═════ Supplied information
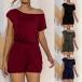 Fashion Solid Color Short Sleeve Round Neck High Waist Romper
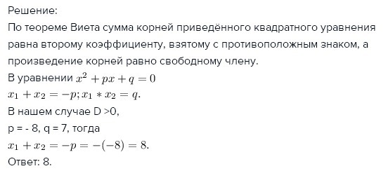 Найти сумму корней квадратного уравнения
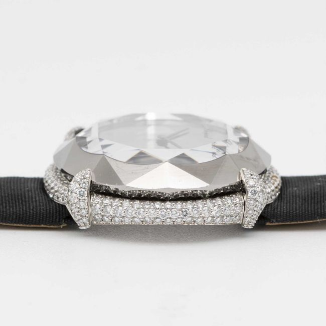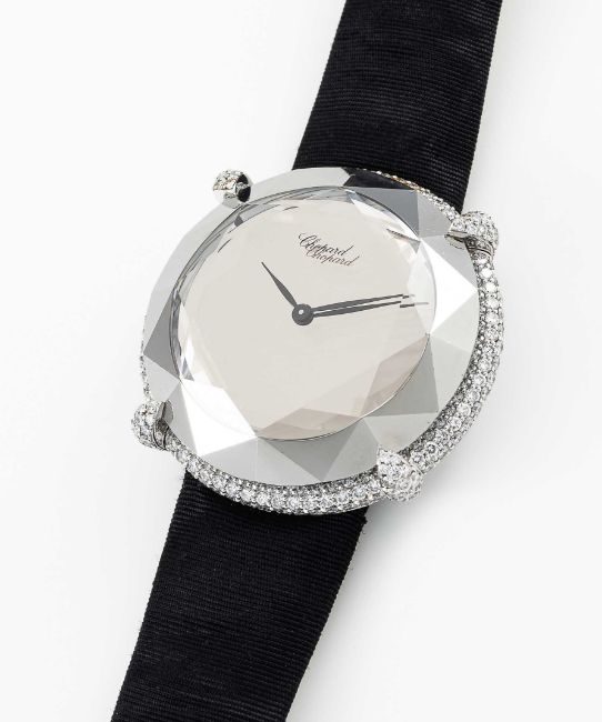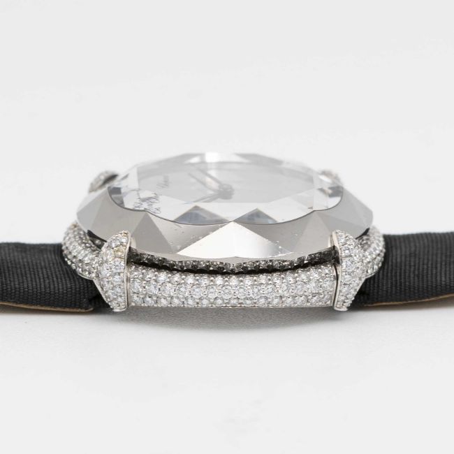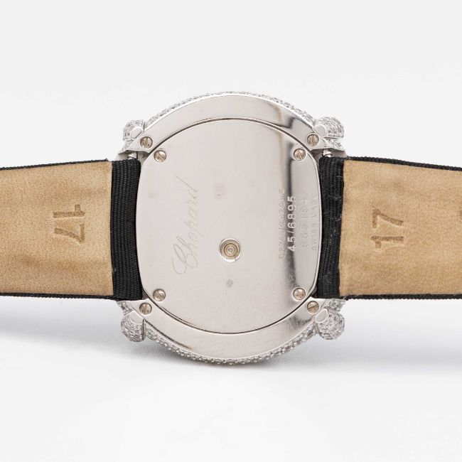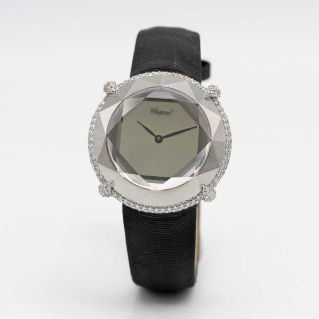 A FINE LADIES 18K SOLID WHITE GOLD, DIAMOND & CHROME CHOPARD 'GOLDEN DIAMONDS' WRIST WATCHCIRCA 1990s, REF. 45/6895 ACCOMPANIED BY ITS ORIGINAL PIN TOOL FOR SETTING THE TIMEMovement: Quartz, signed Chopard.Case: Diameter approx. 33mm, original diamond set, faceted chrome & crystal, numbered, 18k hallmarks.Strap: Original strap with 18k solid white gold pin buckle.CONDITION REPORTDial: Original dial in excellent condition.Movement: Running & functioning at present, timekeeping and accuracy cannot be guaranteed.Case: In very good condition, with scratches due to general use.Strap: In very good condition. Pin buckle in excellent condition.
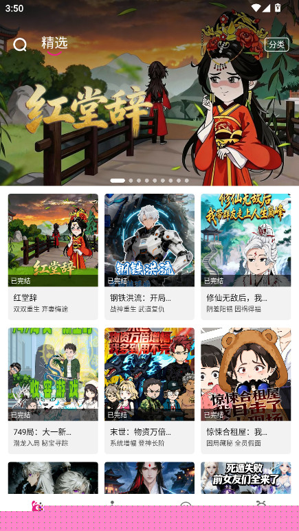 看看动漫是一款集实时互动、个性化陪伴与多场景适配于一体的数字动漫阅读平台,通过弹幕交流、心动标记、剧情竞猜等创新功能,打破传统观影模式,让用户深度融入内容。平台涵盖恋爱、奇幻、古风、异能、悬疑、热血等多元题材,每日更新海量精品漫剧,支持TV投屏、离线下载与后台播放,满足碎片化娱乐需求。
══════════
* [Task prompt]
Repeat the material verbatim. Do not carry over any picture.

* [Written response]
 Fashion Solid Color Short Sleeve Round Neck High Waist Romper
 Найти сумму корней квадратного уравнения
 A FINE LADIES 18K SOLID WHITE GOLD, DIAMOND & CHROME CHOPARD 'GOLDEN DIAMONDS' WRIST WATCHCIRCA 1990s, REF. 45/6895 ACCOMPANIED BY ITS ORIGINAL PIN TOOL FOR SETTING THE TIMEMovement: Quartz, signed Chopard.Case: Diameter approx. 33mm, original diamond set, faceted chrome & crystal, numbered, 18k hallmarks.Strap: Original strap with 18k solid white gold pin buckle.CONDITION REPORTDial: Original dial in excellent condition.Movement: Running & functioning at present, timekeeping and accuracy cannot be guaranteed.Case: In very good condition, with scratches due to general use.Strap: In very good condition. Pin buckle in excellent condition.
 看看动漫是一款集实时互动、个性化陪伴与多场景适配于一体的数字动漫阅读平台,通过弹幕交流、心动标记、剧情竞猜等创新功能,打破传统观影模式,让用户深度融入内容。平台涵盖恋爱、奇幻、古风、异能、悬疑、热血等多元题材,每日更新海量精品漫剧,支持TV投屏、离线下载与后台播放,满足碎片化娱乐需求。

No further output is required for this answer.